Dans le cadre du droit du travail, la gestion des congés payés représente un enjeu majeur pour les salariés et les employeurs. Parmi ces congés, les jours de fractionnement restent un mécanisme souvent méconnu, capable d’offrir jusqu’à deux jours supplémentaires de congés lorsque les congés principaux ne sont pas pris intégralement pendant la période légale. En 2026, la rétroactivité des jours de fractionnement s’impose comme un droit fondamental permettant aux salariés de réclamer des jours non attribués au cours des trois dernières années. Cet article explore en détail les conditions d’octroi, les modalités de calcul de ces jours, ainsi que les démarches à engager pour faire valoir ses droits, dans un contexte réglementaire actualisé et encadré par la présomption légale.

Ces dispositions concernent tous les acteurs du secteur privé, du CDI au CDD, en passant par les intérimaires et apprentis, et s’intègrent dans une stratégie globale de gestion du temps et d’optimisation des droits acquis. Les employeurs, comme les responsables RH, sont invités à mieux comprendre ces règles pour prévenir tout contentieux et garantir une application conforme aux obligations légales. La capacité à exploiter la rétroactivité des jours de fractionnement s’avère ainsi un levier important pour renforcer la qualité de vie au travail et améliorer la satisfaction des collaborateurs.

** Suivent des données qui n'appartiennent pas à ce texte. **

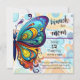 A borboleta grande, brilhante e arco-íris é deslocada para a esquerda deste Dia de as mães de Brunch personalizável. O pano de fundo deste convite de brunch personalizável é um padrão retrô de blues, aqua, verde, roxo e ouro. O reverso deste convite apresenta o padrão retrorreflector em negrito. Personalize a frente desta borboleta inspirada no convite de brunch e adicione todos os detalhes do seu partido.

  • Les jours de fractionnement s’appliquent uniquement aux 20 premiers jours ouvrables de congés payés.
  • Un jour ou deux jours supplémentaires peuvent être attribués selon la durée des congés pris en dehors de la période légale (1er mai – 31 octobre).
  • Tout salarié du secteur privé, quel que soit son statut, peut prétendre à ces jours, à condition d’avoir acquis des droits suffisants.
  • La rétroactivité permet de réclamer les jours non attribués au cours des trois dernières années, délai au-delà duquel le droit s’éteint.
  • Les démarches pour obtenir ces jours débutent par une résolution à l’amiable et peuvent évoluer vers un recours juridique en cas de refus.

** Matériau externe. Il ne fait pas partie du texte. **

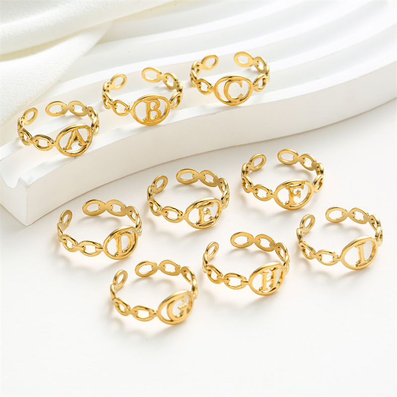 Cross-border European and American Titanium Steel 26 English Letter Ring 18K Fashion Simple Stainless Steel Opening Adjustable Ring for Women

Comprendre la définition et le fonctionnement des jours de fractionnement en 2026

Conformément à l’article L3141-19 du Code du travail, les jours de fractionnement représentent un avantage compensatoire pour les salariés qui ne peuvent pas prendre l’intégralité de leurs congés principaux durant la période estivale classique. Seuls les premiers 20 jours ouvrables de congés payés, correspondant aux quatre semaines légales, sont pris en compte dans ce calcul.

Ce dispositif vise à encourager une coupure continue durant l’été, mais lorsque cette continuité n’est pas respectée, notamment par des congés posés en dehors de la période du 1er mai au 31 octobre, un ou deux jours supplémentaires sont attribués en fonction de la durée du fractionnement. Par exemple, un salarié prenant trois semaines en août et une semaine en décembre bénéficiera d’un jour supplémentaire à poser avant la fin de l’année suivante, sauf dispositions particulières.

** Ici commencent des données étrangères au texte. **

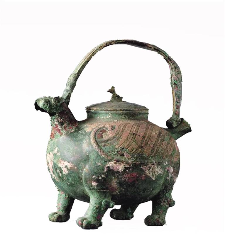 展覽以粵隴兩省精品文物為依托,遴選廣東省博物館、甘肅省博物館、南越王博物院、甘肅省文物考古研究所等兩省多家文博單位文物藏品逾500件。在展廳入口處,并列展出的“蜻蜓眼玻璃珠”一顆為甘肅省博物館館藏,另一顆為廣東省博物館館藏。甘肅省博物館館藏文物翼獸青銅提梁盉也是首次亮相廣東,翼獸青銅提梁盉巧妙地設計成一只具有雙翼的四足獸,以龍為提梁,以鳳為蓋鈕。

Les différences entre initiative salariée et imposée par l’employeur

La nature du fractionnement – volontaire ou imposée – impacte la reconnaissance des jours de fractionnement. Lorsqu’un employeur impose une répartition des congés hors période légale, les jours de fractionnement sont systématiquement dus sans qu’aucune démarche ne soit nécessaire du salarié. En revanche, si c’est le salarié qui choisit de fractionner ses congés, l’employeur peut exiger une renonciation expresse et formalisée.

Quels salariés peuvent bénéficier des jours de fractionnement et sous quelles conditions ?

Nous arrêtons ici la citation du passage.